**Problem to solve:**
Once the pictures are set aside, repeat all of the data below exactly.

**Data provided:**
.....

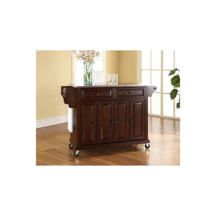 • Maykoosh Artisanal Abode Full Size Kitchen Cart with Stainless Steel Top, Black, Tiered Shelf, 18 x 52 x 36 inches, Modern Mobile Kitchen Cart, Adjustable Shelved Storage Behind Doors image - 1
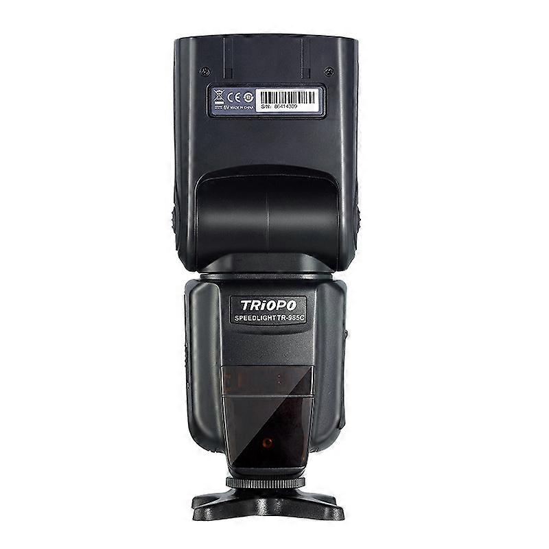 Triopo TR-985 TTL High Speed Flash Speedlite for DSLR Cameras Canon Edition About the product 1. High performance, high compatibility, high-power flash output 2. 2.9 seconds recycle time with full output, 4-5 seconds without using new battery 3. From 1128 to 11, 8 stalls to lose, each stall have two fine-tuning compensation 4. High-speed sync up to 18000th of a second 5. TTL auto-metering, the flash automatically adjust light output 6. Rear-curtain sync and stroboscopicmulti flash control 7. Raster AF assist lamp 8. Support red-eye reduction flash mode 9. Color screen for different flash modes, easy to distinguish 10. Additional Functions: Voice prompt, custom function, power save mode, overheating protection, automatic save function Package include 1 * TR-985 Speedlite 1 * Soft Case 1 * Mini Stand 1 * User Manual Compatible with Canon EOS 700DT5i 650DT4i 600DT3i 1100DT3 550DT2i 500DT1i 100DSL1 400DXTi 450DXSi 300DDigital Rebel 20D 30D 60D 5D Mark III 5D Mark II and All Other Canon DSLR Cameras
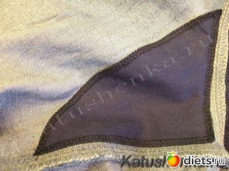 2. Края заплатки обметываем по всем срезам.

.....

**Reply to the exercise:**
 • Maykoosh Artisanal Abode Full Size Kitchen Cart with Stainless Steel Top, Black, Tiered Shelf, 18 x 52 x 36 inches, Modern Mobile Kitchen Cart, Adjustable Shelved Storage Behind Doors image - 1
 Triopo TR-985 TTL High Speed Flash Speedlite for DSLR Cameras Canon Edition About the product 1. High performance, high compatibility, high-power flash output 2. 2.9 seconds recycle time with full output, 4-5 seconds without using new battery 3. From 1128 to 11, 8 stalls to lose, each stall have two fine-tuning compensation 4. High-speed sync up to 18000th of a second 5. TTL auto-metering, the flash automatically adjust light output 6. Rear-curtain sync and stroboscopicmulti flash control 7. Raster AF assist lamp 8. Support red-eye reduction flash mode 9. Color screen for different flash modes, easy to distinguish 10. Additional Functions: Voice prompt, custom function, power save mode, overheating protection, automatic save function Package include 1 * TR-985 Speedlite 1 * Soft Case 1 * Mini Stand 1 * User Manual Compatible with Canon EOS 700DT5i 650DT4i 600DT3i 1100DT3 550DT2i 500DT1i 100DSL1 400DXTi 450DXSi 300DDigital Rebel 20D 30D 60D 5D Mark III 5D Mark II and All Other Canon DSLR Cameras
 2. Края заплатки обметываем по всем срезам.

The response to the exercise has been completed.